TASK TO CARRY OUT:
Each line in the material below, starting at the one that contains "今年3月香港零售業銷貨額按年錄得顯著升幅，主要受惠去年低基數效應。" and ending at the one that contains "- Uusi hankintalaki", should be repeated exactly; the pictures should not.

DATA FOR ANALYSIS:
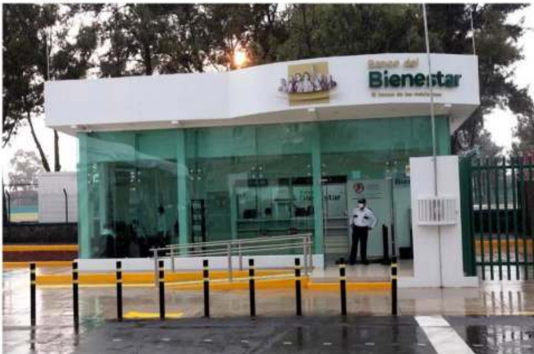
La ASF señaló un manejo de irregularidades y anomalías en diversos contratos millonarios del Banco del Bienestar con Sixsigma Networks.

Charlene Domínguez Cd. de México (21 febrero 2023).- 16:49 hrs
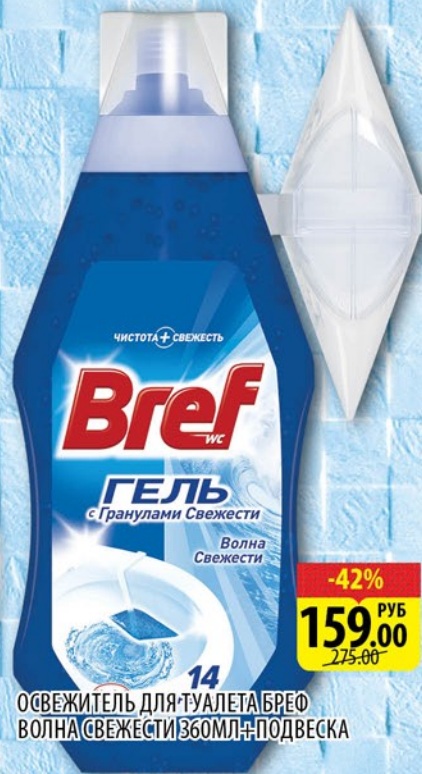
ОСВЕЖИТЕЛЬ ДЛЯ ТУАЛЕТА БРЕФ ВОЛНА СВЕЖЕСТИ 360МЛ+ПОДВЕСКА
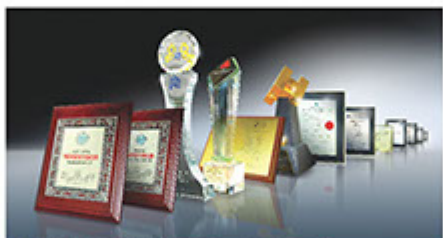
■ 德國寶屢獲中外殊榮、國際肯定
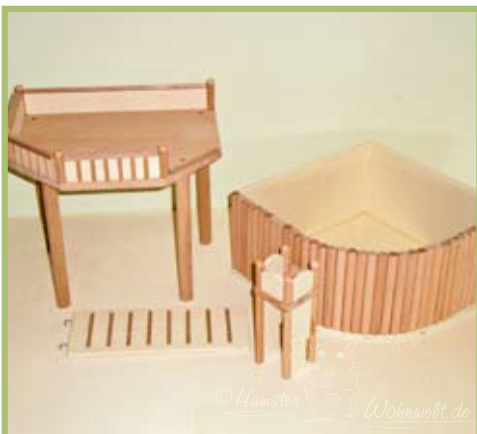
Die Futterbar steht in der Buddelbox
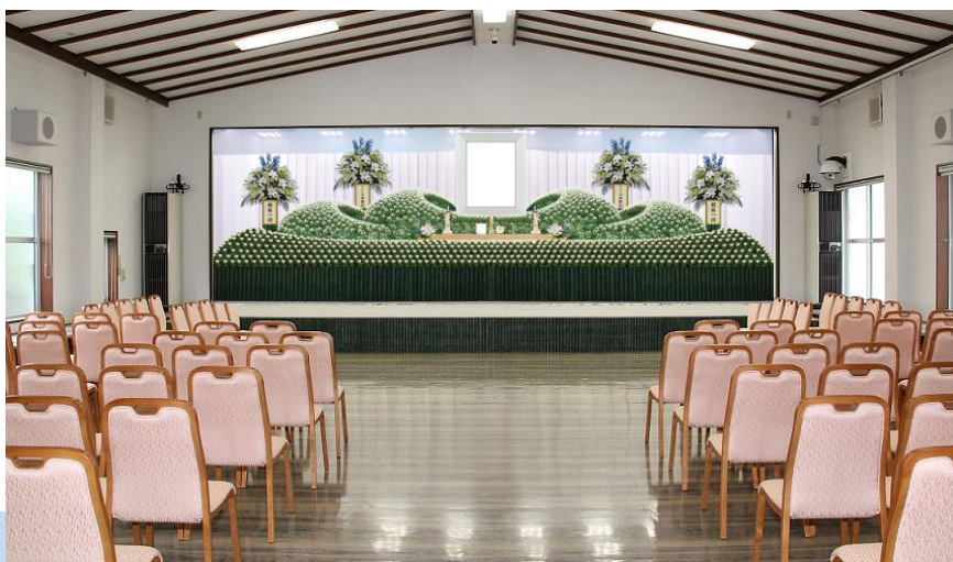
●式場内のイメージ
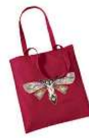
Taška Léna Brauner 300 Kč
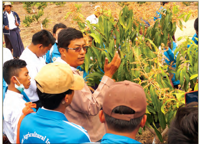
အော်ဂဲနစ် သရက်စိုက်ပျိုးထုတ်လုပ်မှုတိုးတက်ရေး ကွင်းဆင်းကြည့်ရှုစဉ်။

ချက်ရေးဆွဲ၍ သီးနှံ ၁၅ မျိုးအထိ အကောင်အထည် ဖော်ဆောင်ရွက်နေပြီဖြစ်သည်။ အဆိုပါ သီးနှံများထဲမှ သရက်သီးနှံသည် ပထမဆုံး GAP အသိအမှတ်ပြု လက်မှတ်ရရှိသည့်သီးနှံဖြစ်ကြောင်း သိရသည်။ GAP ဆိုသည်မှာ စိုက်ပျိုးရေးဆိုင်ရာအလေ့အကျင့်ကောင်းများ ဖြစ်ပြီး စတင်မြေပြုပြင်စိုက်ပျိုးထုတ်လုပ်သည့်မှ စားသုံးသူလက်ဝယ်ရောက်သည်အထိ အဆင့်ဆင့်တိုင်းတွင် စားသုံးသူအတွက် ဘေးအန္တရာယ်ဖြစ်စေသည့် ကူးစက်ညစ်ညမ်းမှုများကို အနည်းဆုံးဖြစ်စေရန် လိုက်နာရသည့်နည်းလမ်းများကို စုစည်းထားသည့် စံသတ်မှတ်ချက်များဖြစ်သည်။
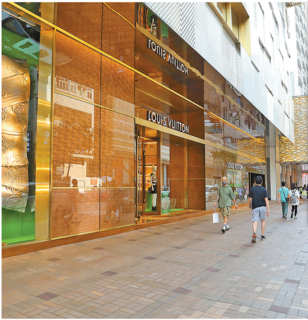
今年3月香港零售業銷貨額按年錄得顯著升幅，主要受惠去年低基數效應。
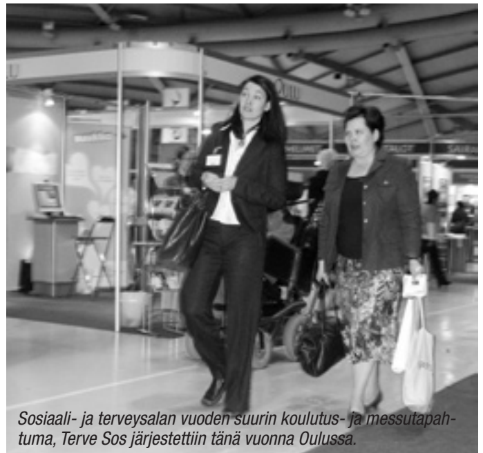
Sosiaali- ja terveysalan vuoden suurin koulutus- ja messutapahtuma, Terve Sos järjestettiin tänä vuonna Oulussa.

- Uusi hankintalaki saattaa lainsäädännön vastaamaan entistä paremmin tämän päivän tarpeita, tehostaa jul-
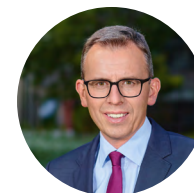
Sven Hinterseh Landrat Schwarzwald-Baar-Kreis
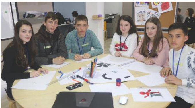
Gjatë realizimit të punës në grup të vogël

në shkollë për shembull. Kur e zgjedhim kryetarin e klasës, jemi shumë më të kujdesshëm, sepse kryetari i klasës është përfaqësuesi ynë. Ashtu siç edhe popullin e përfaqësojnë deputetët. Zgjedhja si e deputetëve, kryetarit të komunës dhe asamblistëve bëhet në të njëjtën mënyrë qysh e zgjedhim edhe ne kryetarin e klasës. Pra, me anë të votave të lira. Por jo të gjithë këta përfaqësues që i cekëm zgjedhjen në të njëjtat zgjedhje. Deputetët i zgjedhim në zgjedhjet qendrore, kurse kryetarin e komunës dhe asamblistët në zgjedhjet lokale. Kuptohet, të drejtë për të marrë pjesë dhe për t'i zgjedhur përfaqësuesit tek të dy llojet e zgjedhjeve e kanë personat mbi moshën 18 vjeçare. Vota e secilit ka vlerë dhe rëndësi. Kjo është arsyeja pse ne kërkojmë nga ju që gjithmonë të votoni.

FINISHED EXERCISE:
今年3月香港零售業銷貨額按年錄得顯著升幅，主要受惠去年低基數效應。
Sosiaali- ja terveysalan vuoden suurin koulutus- ja messutapahtuma, Terve Sos järjestettiin tänä vuonna Oulussa.

- Uusi hankintalaki saattaa lainsäädännön vastaamaan entistä paremmin tämän päivän tarpeita, tehostaa jul-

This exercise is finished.